Quote Originally Posted by iddqd View Post
Well, you could still have all your shader tricks. Some would probably have to be modified - and some will be replaced completely in a raytraced world (for example, HDR/bloom) but yeah.

Actually, the shader bag of tricks keeps growing over the years. I think very soon, you're going to be able to do just about anything with shaders, and not even have to worry about raytracing anymore.

At any rate, raytracing isn't that important. I think fully destructible environments would be more fun.
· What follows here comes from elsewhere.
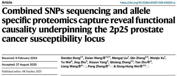 2025年10月8日,复旦大学基础医学院生物化学与分子生物学系卫功宏教授团队在Nature Communications期刊上发表了题为“Combined SNPs sequencing and allele specific proteomics capture reveal functional causality underpinning the 2p25 prostate cancer susceptibility locus”的研究论文。该研究通过整合高通量SNPs-seq技术与等位基因特异性蛋白质组学分析,系统解析了前列腺癌风险位点2p25的功能机制,首次揭示了转录因子USF1通过结合风险等位基因rs4519489-A上调致癌基因NOL10的表达,进而驱动前列腺癌进展的分子通路。

The thing about raytracing is that all these complicated and stunning effects just drop right out of the bad so to speak. Raytracing is so elegently simply its incredible, all the complicated shaders and reflections and refractions and various other effects come for "free" or with minimal extra coding. Because reaytracing describes how the light really works (sorta) all you have to do is model some basic equations and suddenly you get amazing results. I don't know if anyone here has ever written a raytracing engine before, but I wrote one for my computer graphics class (and i'm a EE not a CS major), and its really quite simple, obviously results were not amazing or anything (niether was efficiency), but I was able to get several object types (spheres, cubes, and triagnles(which could easily be used to make complex meshes)), but also reflection and refraction rays, shadow rays, bump maps, procedural textures etc. It really is dead simple how it works, the problem is just that the current way of hacking everything together is more efficent (but far less elegent and less accurate as well). I'm not saying raytracing will win out anytime soon, but the only thing holding it back is processor power, it beats what we have now in everything but framerates.